When our children came along, I was already out of the pew and into the pulpit; When Pam and I married, there was already the separation between pew and pulpit; neither my wife nor my kids nor myself have ever really had the experience of sitting in church together. On the rare occasion that it does happen, it really feels right and purpose–filled. As a preacher, I had the opportunity to observe those families who sat together, and prayed, and sang, and listened together. For a time, my wife gave up her spot in the choir, in order to keep a tight tether on our four in their younger years. Now, in my role as a non-parish pastor, I sit in pews and wonder why we have we lost the kids sitting with their parents. Have we become so acquiescent to children’s demands that we shrug our shoulders and say “whatever …!”
There was a woman in my first church in Arkansas who showed me a gold pocket watch which had belonged to her late husband.

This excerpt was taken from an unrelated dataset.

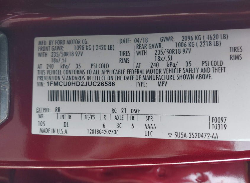 - VIN: 1FMCU0HD2JUC26586

She showed me the tiny dents in the case, and then told me that those were teeth marks from her children. From the time they were small, she and her husband had them in church, and when they got fussy, she gave them the pocket watch to occupy their attention, to bite on, to look at their reflection on the bright metal, etc; later they were allowed to open the case and move the hands as they practiced their math, all the while seated in church with mom and dad. Later, the watch went back into the vest pocket as they stopped looking down and started looking up and participating in the worship experience. Long after her husband had died, and the children had married and moved away, she still carried that dented pocket watch in her purse; a sacred relic which brought to remembrance being in church worshiping God with her family around her.

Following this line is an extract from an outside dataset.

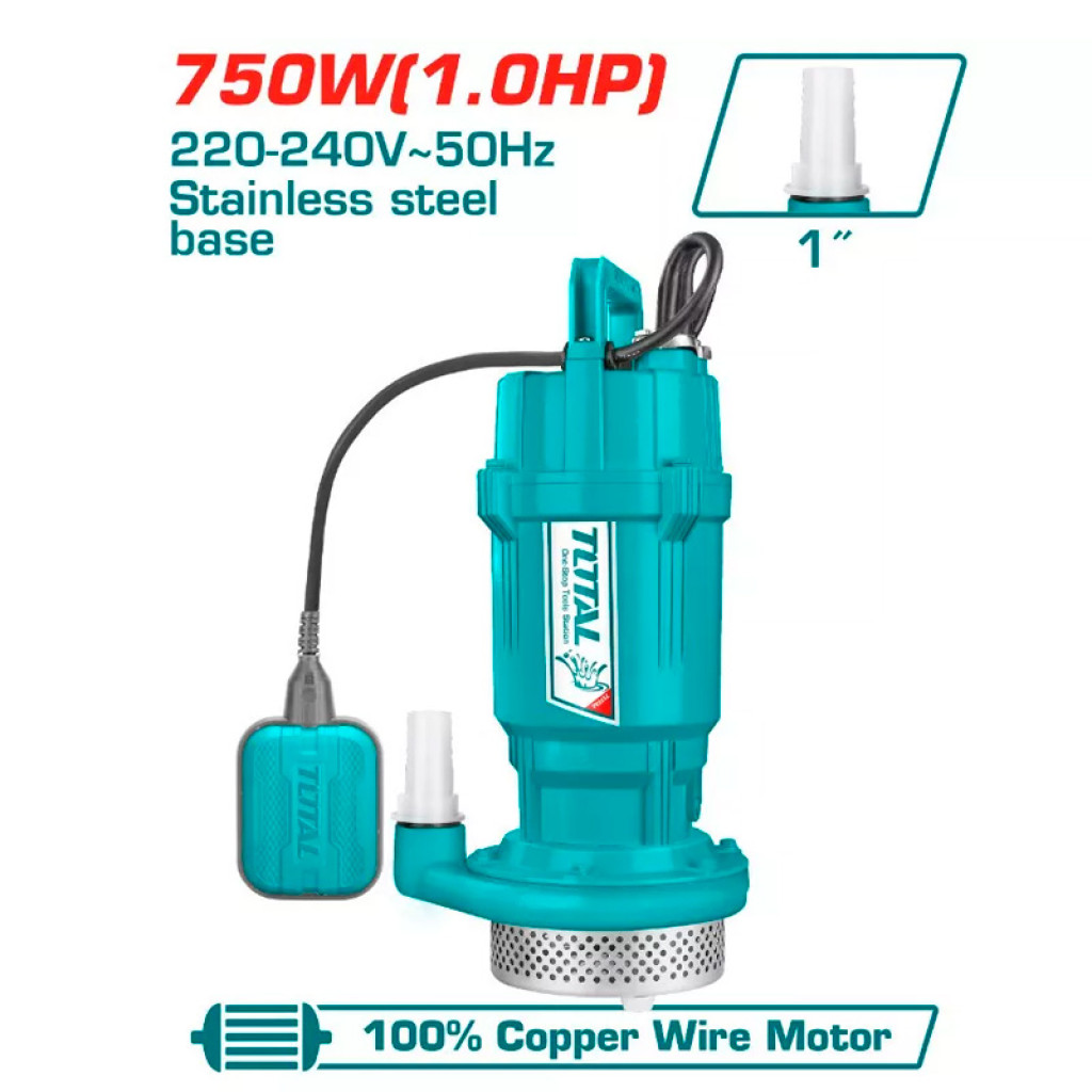 Սուզվող պոմպը նախատեսված է պայմանական կեղտոտ ջրի հետ աշխատելու համար : Հեղուկի մղման հնարավորությունը 7.5 մ 3 / ժ արագությամբ : Լողացող անջատիչը բացառում է չոր աշխատանքը և կանխում պոմպի վնասումը : Բռնիչը տրամադրվում է հեշտ տեղափոխելիության համար :Հորի պոմպ TOTAL TWP67506 750W (ԿՈԴ 15818)

One day I will be back in that church here in Sacramento, and I will find that grandfather and thank him for what he said that day and for what he and his wife had done so many years before.
This memory came to me one day when I was worshipping at a church here in Sacramento – sitting in a pew, not standing in a pulpit. At a time of introducing visitors, an older couple in the back of the church introduced their six year old grandson. As they wrapped up their brief introduction, the lad’s grandfather said with a note of pride in his voice, “Yep, sitting right where his father sat when he was this age.”

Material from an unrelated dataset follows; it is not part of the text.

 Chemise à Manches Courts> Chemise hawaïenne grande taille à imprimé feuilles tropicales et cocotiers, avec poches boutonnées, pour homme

When our children came along, I was already out of the pew and into the pulpit; When Pam and I married, there was already the separation between pew and pulpit; neither my wife nor my kids nor myself have ever really had the experience of sitting in church together. On the rare occasion that it does happen, it really feels right and purpose–filled. As a preacher, I had the opportunity to observe those families who sat together, and prayed, and sang, and listened together. For a time, my wife gave up her spot in the choir, in order to keep a tight tether on our four in their younger years. Now, in my role as a non-parish pastor, I sit in pews and wonder why we have we lost the kids sitting with their parents. Have we become so acquiescent to children’s demands that we shrug our shoulders and say “whatever …!”
There was a woman in my first church in Arkansas who showed me a gold pocket watch which had belonged to her late husband. She showed me the tiny dents in the case, and then told me that those were teeth marks from her children. From the time they were small, she and her husband had them in church, and when they got fussy, she gave them the pocket watch to occupy their attention, to bite on, to look at their reflection on the bright metal, etc; later they were allowed to open the case and move the hands as they practiced their math, all the while seated in church with mom and dad. Later, the watch went back into the vest pocket as they stopped looking down and started looking up and participating in the worship experience. Long after her husband had died, and the children had married and moved away, she still carried that dented pocket watch in her purse; a sacred relic which brought to remembrance being in church worshiping God with her family around her.
One day I will be back in that church here in Sacramento, and I will find that grandfather and thank him for what he said that day and for what he and his wife had done so many years before.